Internally, Nantz realized his time calling college basketball games was winding down with each second that ticked off the clock. But he didn’t let it affect the way he called the game, keeping the focus of every word he spoke on the two teams on the court.

Late in the game when it was clear that UConn had the title secured, Raftery brought Nantz’s name into the conversation on the broadcast.

He was quickly shut down.

“I just didn’t want this to be about my farewell,” Nantz said. “Raft brought it up late in the game and I said, ‘I love you but with all due respect this a moment that belongs to UConn.’”

Once the final buzzer sounded, Nantz finally took a moment to bid his farewell and express his gratitude for the journey college basketball had taken him on.

With his emotions flowing, Nantz signed off one final time with a riff on his famous Hello friends” greeting.

“To you, to everybody in the college game, to the CBS family, my family, all the viewers, thank you for being my friend,” Nantz said.

The ritual

After the confetti had fallen, Nantz took the platform at midcourt to conduct the postgame ceremonies one last time. 

Nantz congratulated UConn on winning the national title and interviewed Dan Hurley, the head coach of the Huskies, and several players.

Then came the sweetest moment of all.

While UConn went to cut nets, Nantz stepped down from the platform and went to find his oldest daughter, Caroline. Moments later, Nantz put his left arm around her. Caroline put her right arm around her father. Then, the two shared a ritual that goes all the way back to when Caroline was just 11 months old.

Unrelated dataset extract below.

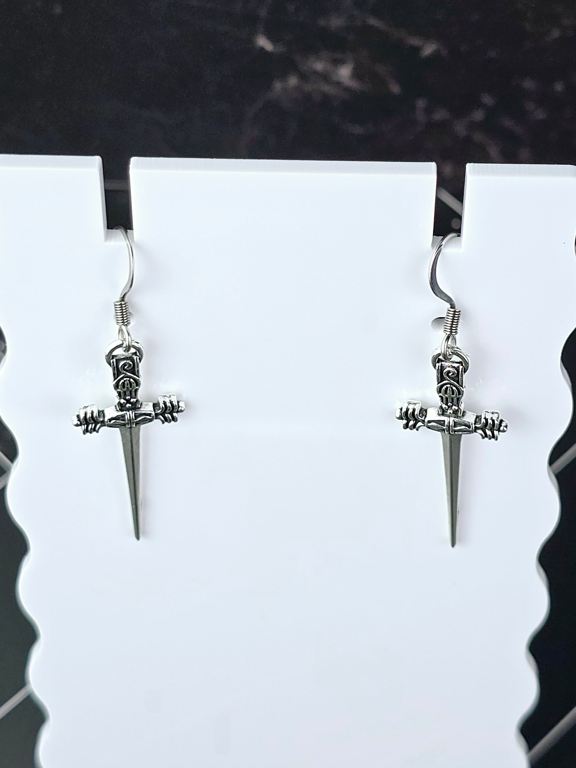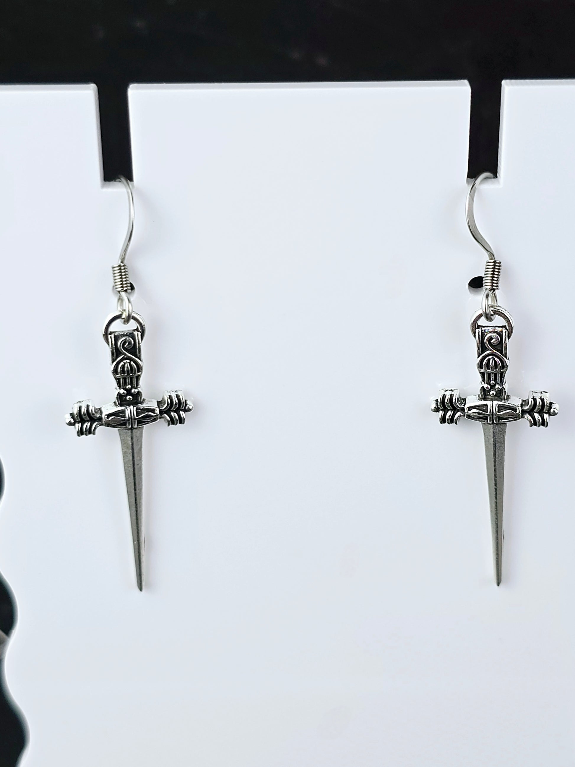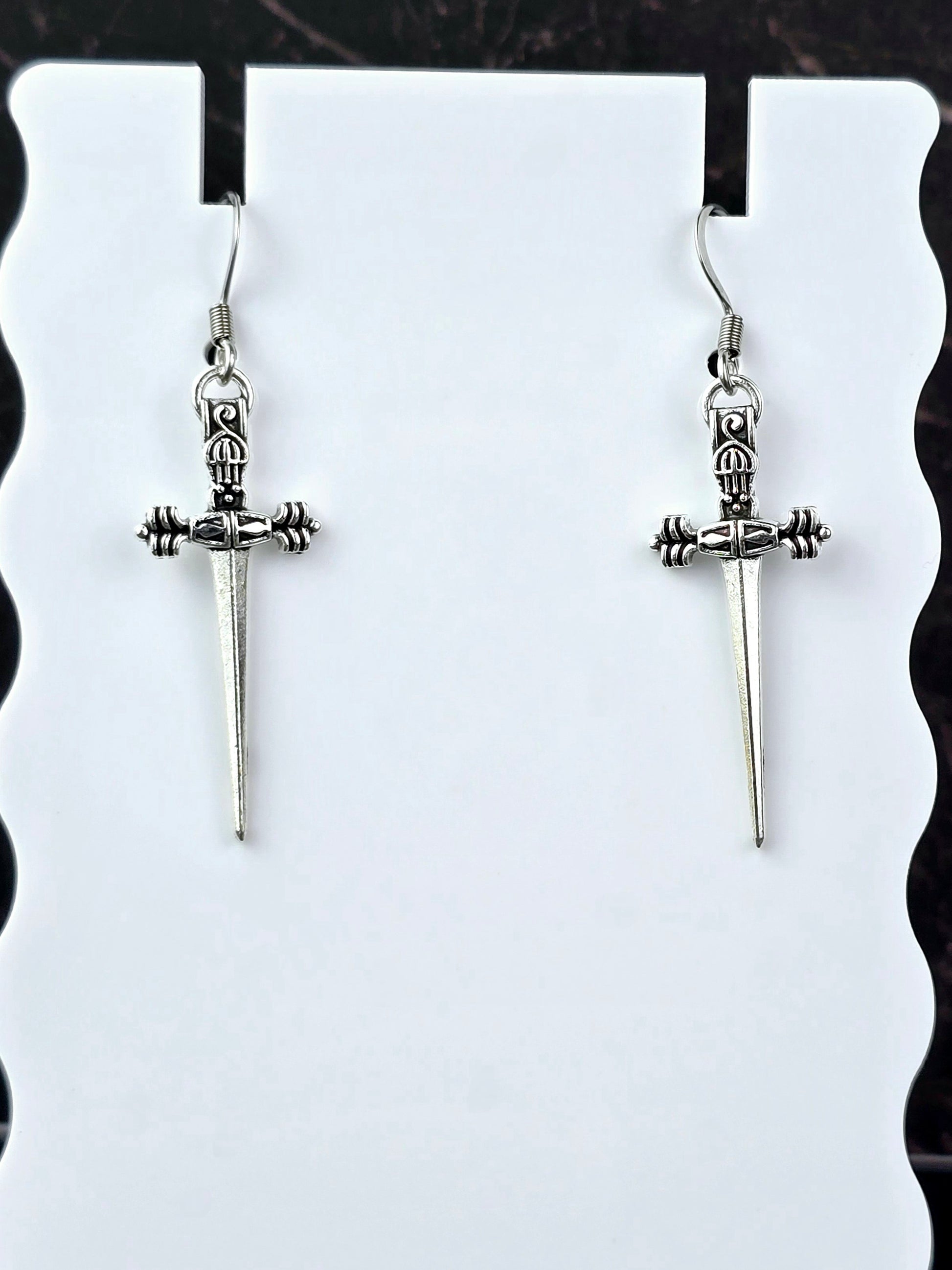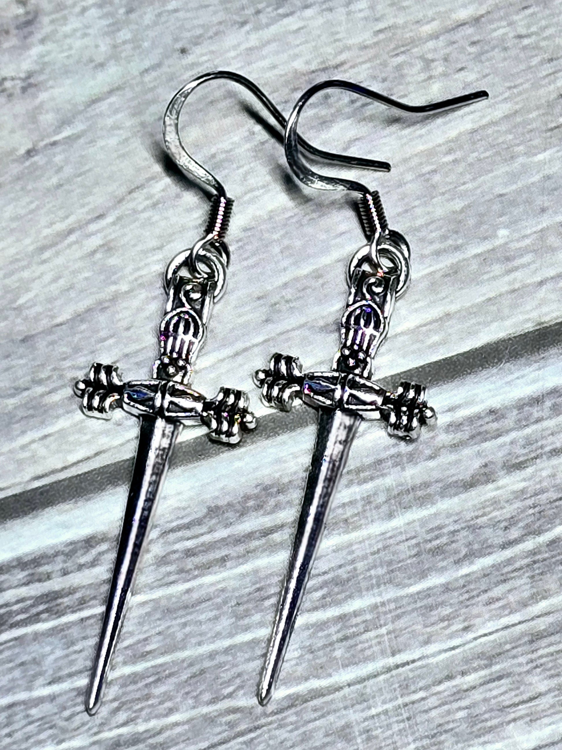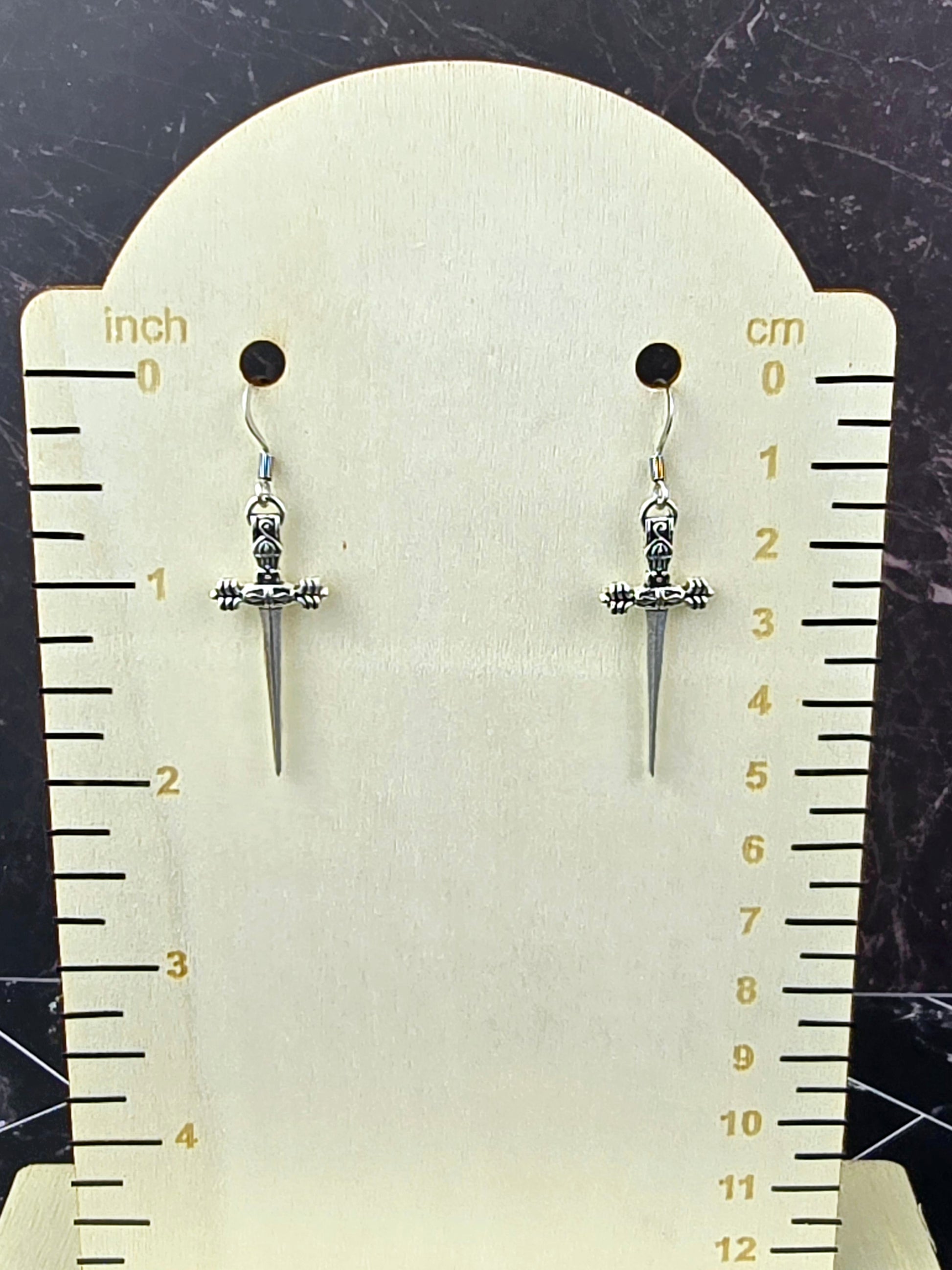 Add a touch of edgy style to your look with these unique silver stainless steel wire fishhook earrings featuring metal alloy knife charms. These earrings measure 4.75cm in length with a drop length of 3.5cm and are 1cm wide. Perfect for adding a bold statement to any outfit, these earrings are sure to turn heads.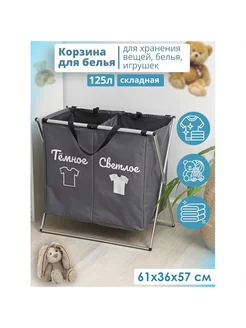 Корзина для белья складная двойная Доляна "Тёмное и Светлое"

They both looked up at the big screen and watched “One Shining Moment,” the annual montage of highlights from the tournament set to the iconic song written by David Barrett in 1986. Sharing this special moment with his eldest daughter from the court one final time, Nantz, visibly emotional, cherished every second of it.

Typically, Nantz would bolt out shortly after the conclusion of the iconic video and get on a plane to Augusta, Georgia, to prepare to call The Masters. But Nantz could hardly take a step without hugging someone or giving out a handshake. All Nantz could feel was gratitude. 

He summed up the magical night by borrowing a line from his favorite Christmas carol, “O Come All Ye Faithful.”

“Tonight for me was joyful and triumphant,” Nantz said.

Heading home

Nantz will still call golf’s greatest tournament later in the week, but he decided he will do something he has never done before. 

Instead of heading straight to Augusta, he will not arrive until later Tuesday or sometime on Wednesday.

There’s another pressing matter Nantz feels the need to take care of first.

He wanted to go home and hug his kids.

“I realized I’m running on empty, and I need to get refueled,” Nantz said. “To do that, I’m going to do something I’ve never done before between the Final Four and The Masters. I’m going home. Back to the place where I belong.”